Now that we have the found files and somewhat of an idea of how to get the password, here's the command. It's a for loop, that loops through the entire alphabet, then gets the text from the three found files, and through each iteration of the alphabet, it deletes every letter of the found files except for the one of the iteration, then counts all of the not deleted letters, so basically it just counts all the letters of the current iteration, then it deletes newlines to make it look better, and finally it prints the amount of the letter and the letter of the iteration, then repeats all that for the entire alphabet.
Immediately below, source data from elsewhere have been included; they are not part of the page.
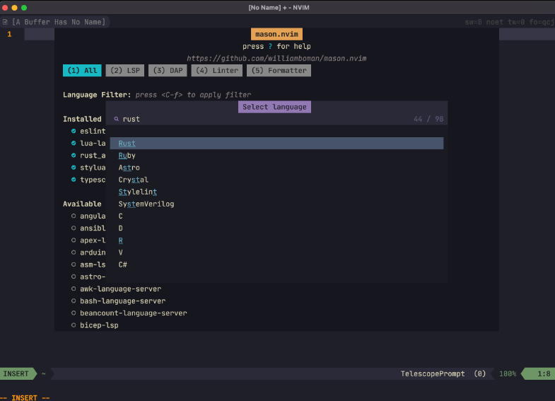 - Easily install and manage LSP servers, DAP servers, linters, and formatters
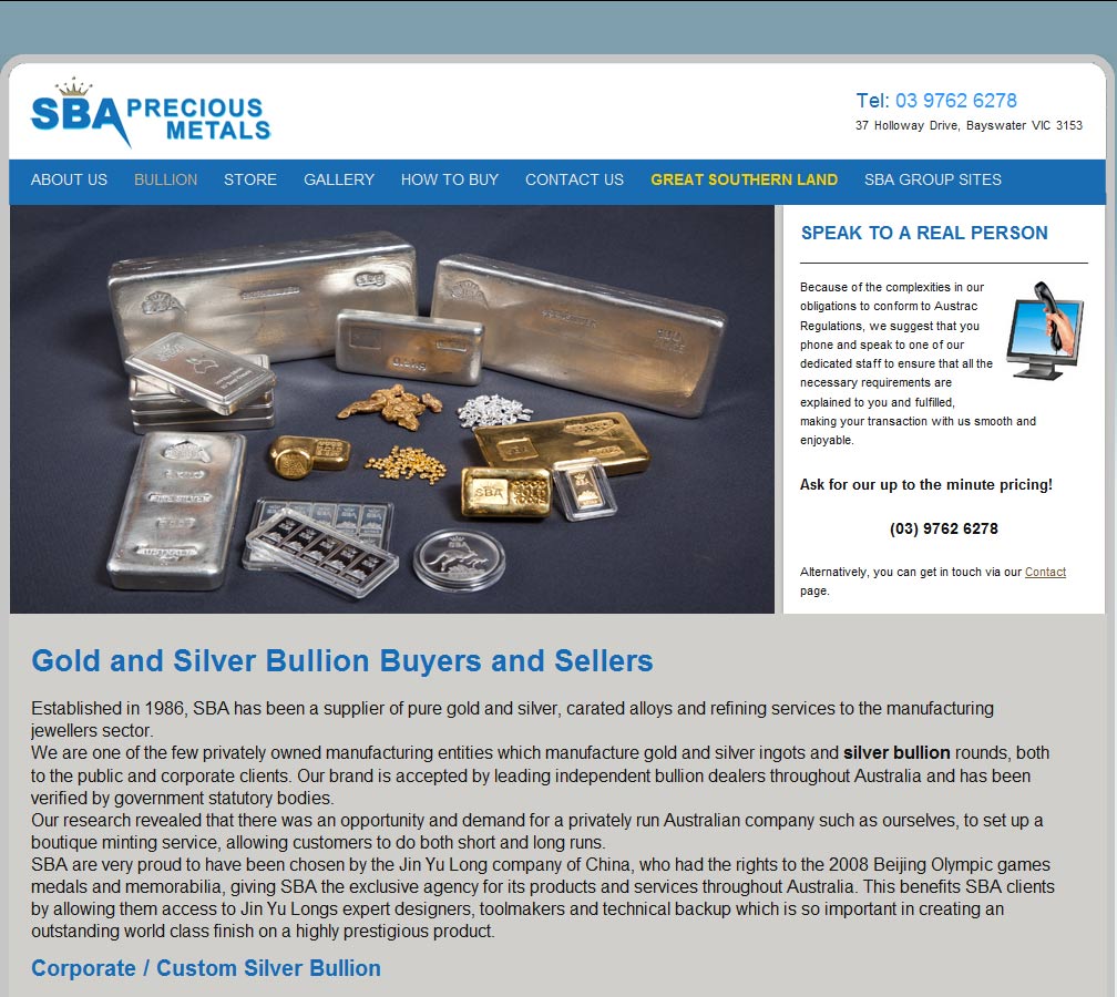 SBA Precious Metals are part of the SBA Group who buy, sell and refine precious metals producing some of the best known home-grown Australian bullion products, principally investment bars but also rounds including semi-numismatic pieces.
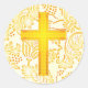 My original artwork is featured on this sheet of pretty stickers, consisting of a vintage yellow-gold pattern in the background, given a slight distressed appearance, with a modern style illustrated yellow Cross of Faith in front. These are small round stickers with 20 per sheet with vibrant colour quality. You may also option to the large 3-inch stickers if desired. They would make great envelope seals or gift bag seals for church and at Easter.
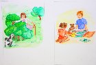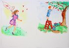 | Children will have fun writing stories about catching butterflies in an open green meadow. The second Primary Book Page illustrates picking apples on a warm summer afternoon. The questions are, who is catching butterflies? Who is picking apples? |
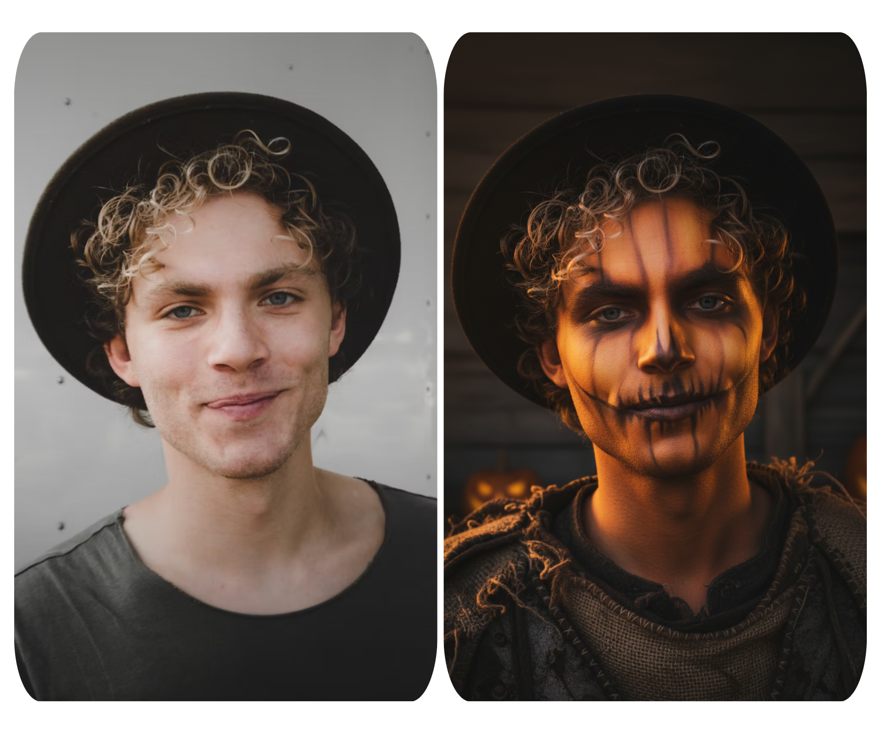 If you want to make these styles for yourself, simply upload your photo to our Halloween photo generator and type:
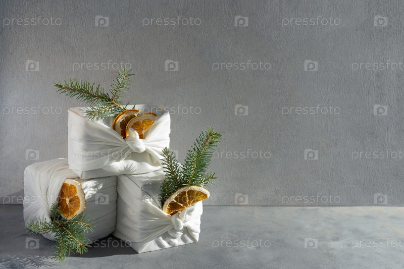 Безотходная подарочная упаковка в традиционном японском стиле фурошики на сером фоне 2022
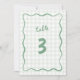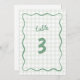 Fêtez les noces à venir de votre future mariée préférée en style avec nos numéros de table bizarres et fantaisistes! Ce design est composé d'un cadre ondulé, accompagné d'une police décontractée manuscrite. La carte de numéro de table est téléchargeable et vient dans un jeu de couleurs neutres de vert sauge sur un arrière - plan à motif en vichy vert doux.
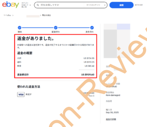 返送開始から「約12日」で返金となっており、返品した商品をeBay側が受け取ってからかなりの時間(10月31日~11月8日、計9日)掛かってしまっており予想外。
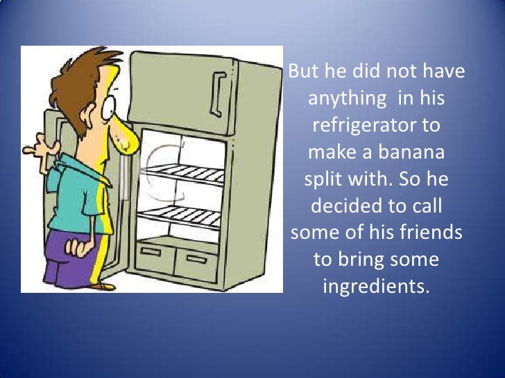 6. 6. But he did not have anything in his refrigerator to make a banana split with. So he decided to call some of his friends to bring some ingredients.<br />
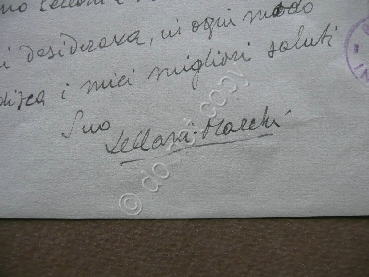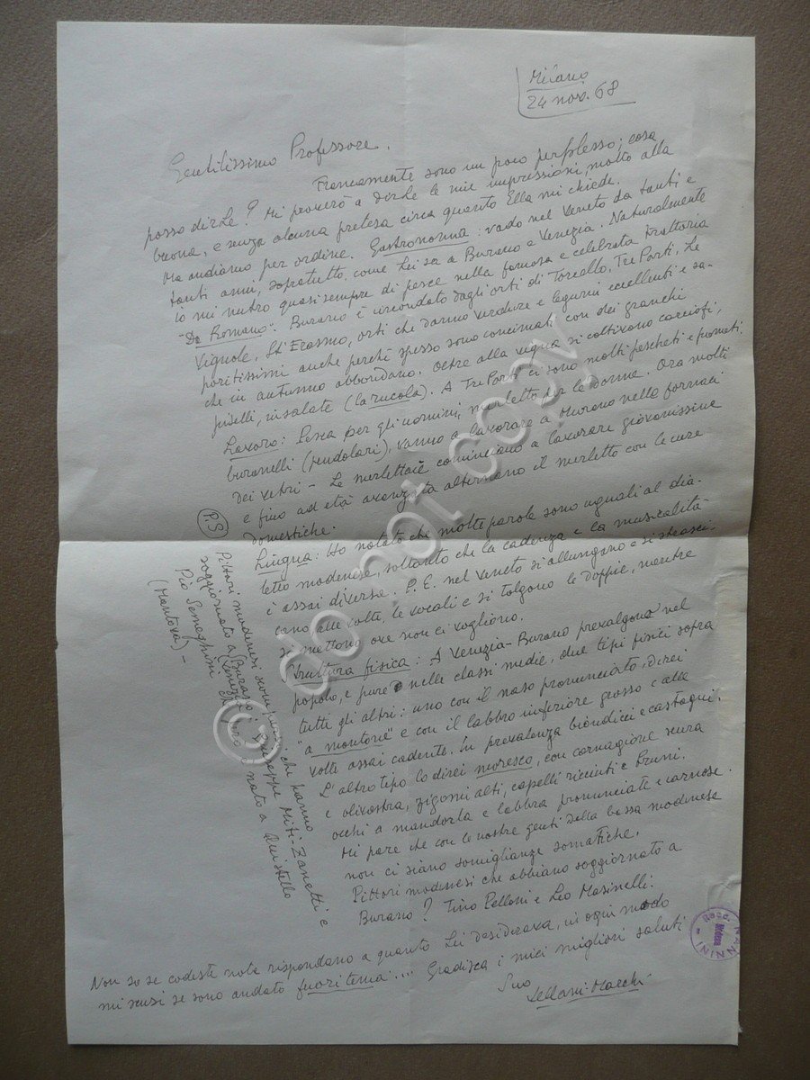 Lettera autografa, Mario Vellani Marchi (Modena 1895 - Milano 1979) lettera interamente autografa e firmata datata Milano, 24 novembre 1968 Lunga lettera interamente autografa e firmata, testo interamente disposto alla prima facciata, firma autografa del Vellani Marchi al termine del testo; cm 31,5x21. Un margine con timbretto - ex libris del precedente proprietario. Condizioni di conservazione Lettera in buone condizioni con tracce d'uso, normali pieghe di spedizione, un margine lievemente rifilato e con al retro qualche piccola traccia di precedente inserimento dell'esemplare entro volume. Bellissima lunga lettera interamente autografa e firmata, diretta al Professor Nannini di Modena, il quale aveva chieso al Vellani Marchi varie notizie e informazioni su Burano: gastronomia, lavoro, lingua, struttura fisica degli abitanti, pittori modenesi che vi abitarono. SC03.D9528 N
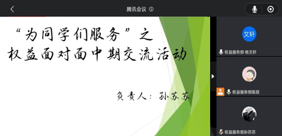 此次活动重在树立维权意识,合理进行维权。参与者利用腾讯会议进行交流,部门负责人为大家解答生活住宿、餐厅饮食、物业咨询管理等权益方面的问题。同学们积极向负责人反映了在学习和生活中遇到的各种权益类问题,如南操场厕所脏乱、教室多媒体使用故障等场地条件问题,宿舍里门窗经常损坏、饮水水费上涨、厕所脏乱等生活条件问题,部门负责人联系物业以及承包部门反映情况,得到相关部门在会议中回应与解决,未解决问题也向大家解释原因,增强了员工维护权益意识,促进校园和谐发展。
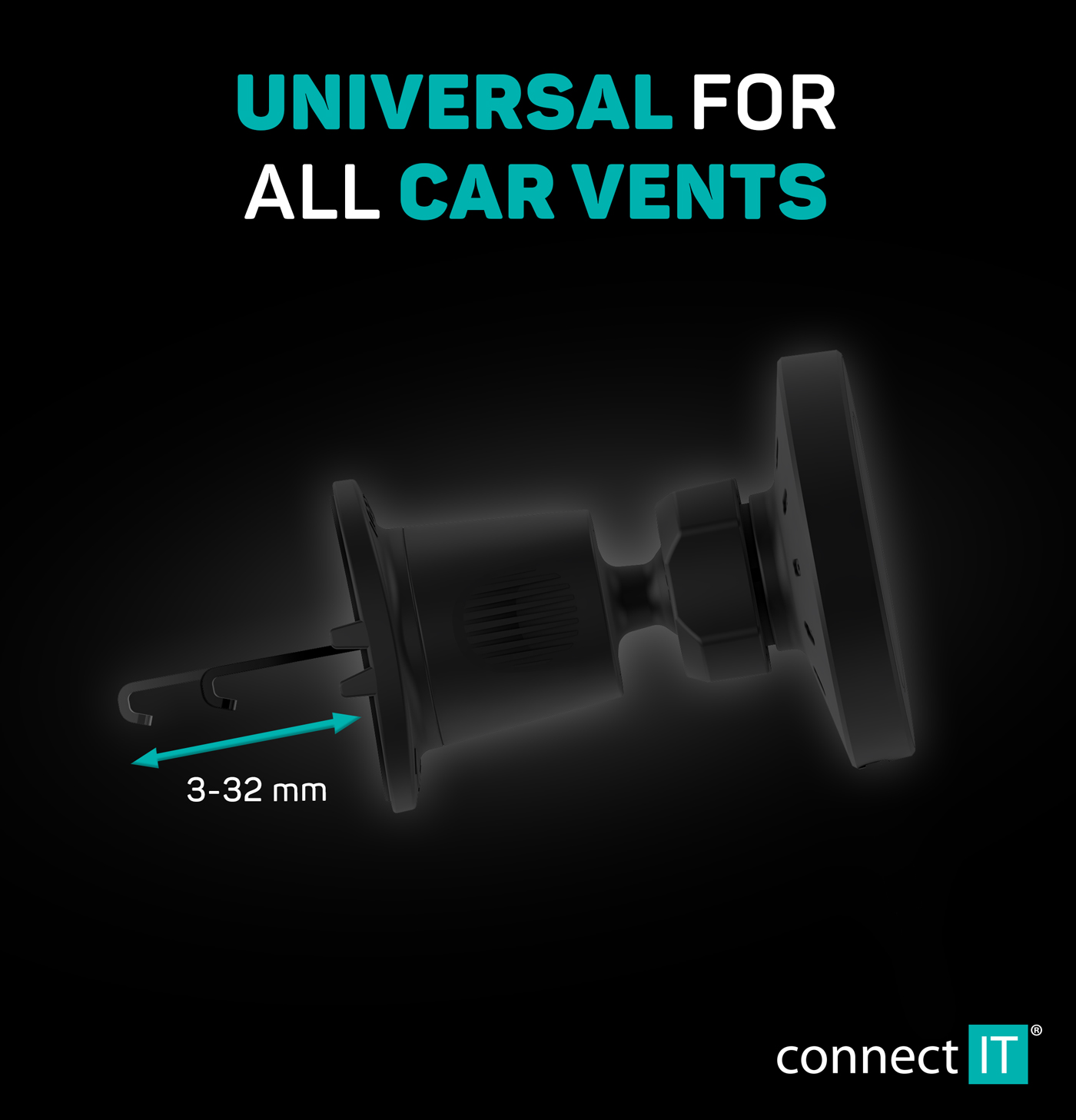 Výhody produktu: Bezdrátové nabíjení umožňuje nabíjet telefon pouhým položením na nabíječku, tedy bez nutnosti připojování napájecího kabelu do telefonu. Funguje na principu elektromagnetické indukce mezi dvěma cívkami, přičemž jedna cívka se nachází v telefonu samotném a druhá v bezdrátové nabíječce. Pozice ve větrací mřížce splňuje bezpečnostní podmínky pro umístění mobilního telefonu v automobilu, kdy telefon nebrání řidiči ve výhledu. Instalace je velmi jednoduchá - postačí pouze zasunout aretační hák do větrací mřížky a utáhnout pomocí aretačního kolečka. Pak už stačí telefon jen přiblížit jeho zadní stranou k držáku a vlivem magnetické síly se sám připevní k držáku. Stabilita telefonu je totožná jak ve vertikální, tak v horizontální poloze.
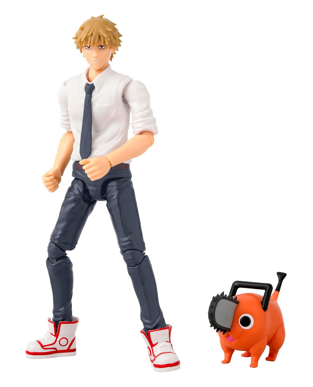 ¡Denji irrumpe en la línea Anime Heroes con toda la energía y acción de Chainsaw Man! Esta figura articulada de 16.5 cm captura a la perfección el estilo del anime y manga, e incluye a su inseparable compañero, Pochita, para completar la experiencia.

And the command I just described looks like this:

/krypton/krypton3$ for i in {A..Z}; do cat found1 found2 found3 | tr -cd $i | wc -c | tr -d '\n'; printf " $i \n"; done
55 A
246 B
227 C
210 D
64 E
28 F
227 G
4 H
19 I
301 J
67 K
60 L
86 M
240 N
12 O
2 P
340 Q
4 R
456 S
75 T
257 U
130 V
129 W
71 X
84 Y
132 Z

Now we'll just add the sort command at the end of this command so that we have it in order of the most to the least common letter in the found files:

/krypton/krypton3$ for i in {A..Z}; do cat found1 found2 found3 | tr -cd $i | wc -c | tr -d '\n'; printf " $i \n"; done | sort -nr
456 S
340 Q
301 J
257 U
246 B
240 N
227 G
227 C
210 D
132 Z
130 V
129 W
86 M
84 Y
75 T
71 X
67 K
64 E
60 L
55 A
28 F
19 I
12 O
4 R
4 H
2 P

That works! Now that we have the frequency, we are going to put it all in a string and compare it to the frequency of letters in the english language with the tr command:

/krypton/krypton3$ cat krypton4 | tr 'SQJUBNGCDZVWMYTXKELAFIORHP' 'EATSORNIHCLDUPYFWGMBKVXQJZ'
WELLD ONETH ELEVE LFOUR PASSW ORDIS BRUTE

And that's the password! Now we should be good to go to the next level.